El dato sorprende más si lo comparamos con nuestro tiempo: en la democracia que tenemos desde 1983 a la fecha, las derrotas en las elecciones legislativas de mitad de término implicaron siempre la confirmación de una tendencia descendente que preanunció la derrota del oficialismo: así fue en 1987 cuando el peronismo se impuso y luego sucedió a Alfonsín en el gobierno, en 1997 cuando la Alianza derrotó a Menem y luego ganó las presidenciales del ’99 y, finalmente, la derrota de la propia Alianza en las legislativas de 2001 que preanunciaron la debacle de diciembre.

De esta forma, los resultados confirman el avance y la consolidación del tercer ciclo del kirchnerismo, que le permitió revertir la crisis política de su gobierno y la derrota electoral en la provincia de Buenos Aires, tal como lo planteábamos en mayo (ver El discurso de CFK, la cuestión de los trabajadores y los 3 ciclos del kirchnerismo), cuando decíamos que:

“Es sabido que la recomposición del apoyo popular al gobierno encuentra sus raíces y razones en la vocación de Néstor y Cristina para revertir la derrota de la 125 y de las elecciones de 2009 a base de pura iniciativa política. Iniciativas que han partido del centro mismo del dispositivo político -como la AUH, recuperación de los fondos jubilatorios, Aerolíneas Argentinas y otras movidas legislativas-, pero que también han permitido la rearticulación de distintos espacios políticos que conviven en tensión dentro del oficialismo. Todo esto en una etapa de ascenso de movilización popular desde el acto del 11 de marzo de 2010 en Ferro, pasando por los festejos del bicentenario y por la respuesta popular ante la muerte de Néstor Kirchner a fin del año pasado, en la que la presidenta reconstruyó un vínculo directo con los vastos sectores que se movilizaron en esa oportunidad, fortaleciendo su liderazgo por encima de las estructuras que la sostienen y la acompañan.

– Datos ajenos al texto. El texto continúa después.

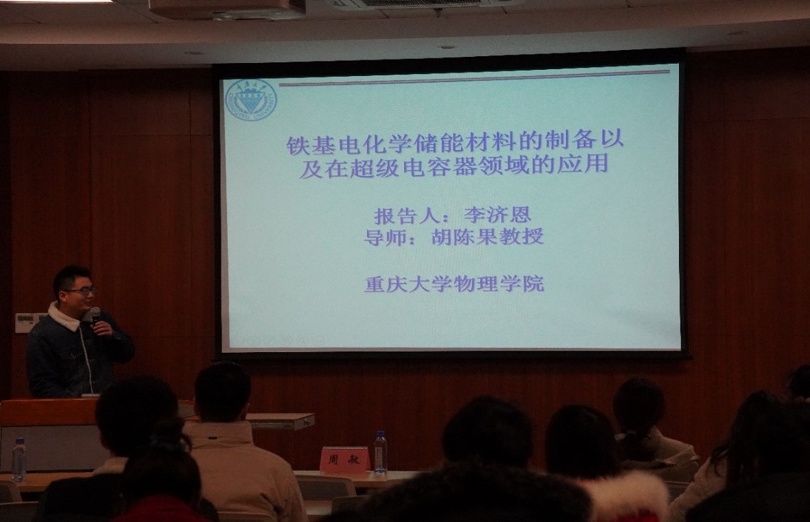 博士研究生李济恩介绍他关于电化学储能材料方面的研究课题,以传统电容器到超级电容器以及理论模型引出自己的研究体系,详细讲述了他的研究过程。逻辑缜密,有条有理,向同学们展现了研究者的清晰思路,同时,一些有趣的研究焦点也吸引了大家的目光,引发了同学们的热情提问。
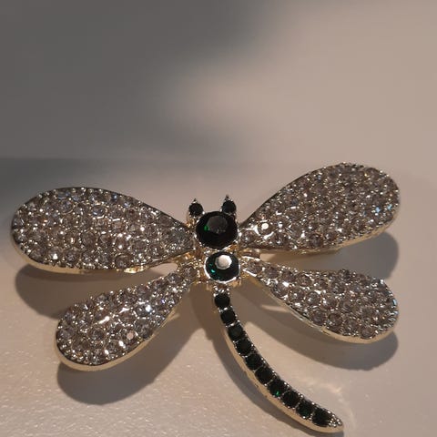 Smuk håndlavet broche i form af en guldsmed. Unikt design med blå og grønne krystaller og perler, syet i hånden. Enestående detaljegrad og kvalitet.
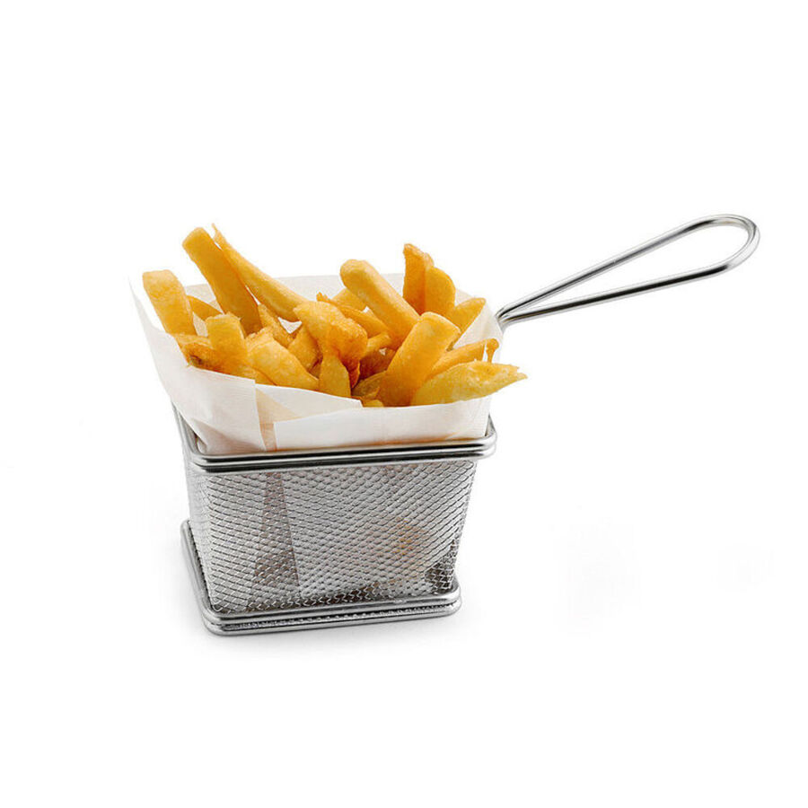Coupées à la main, les frites fraîches, sont l'accompagnement authentique des steaks et des spécialités de hamburgers de qualité gourmet. Dans ces petites corbeilles en acier inoxydable vous servez les tranches de pommes de terre mais aussi les légumes ou les fruits de mer frits, « urban style ». Recouverts de papier sulfurisé ou de cuisson, les petits paniers restent propres et la table aussi.
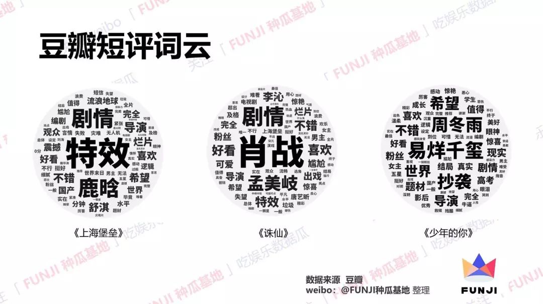 FUNJI(ID:FUNJIdata)在这三部电影的豆瓣短评中,抓取了各1000条样本,整理了三部电影的短评词云。

Bajo el nuevo clivaje “la política contra las corporaciones”, fundada en el enfrentamiento con las patronales agropecuarias y el multimedios Clarín -un poco como Rafael Correa en Ecuador, y salvando por supuesto las distancias y la irreductibilidad de cada uno de los casos – Cristina decide avanzar en esta etapa final hacia las elecciones, inspirada quizás en la fórmula del primer kirchnerismo (2003-2006), en una apelación a la ciudadanía en su conjunto a través de un vínculo directo para reformatear los contornos, alineamientos y sentidos de su espacio y confrontar a sus enemigos.”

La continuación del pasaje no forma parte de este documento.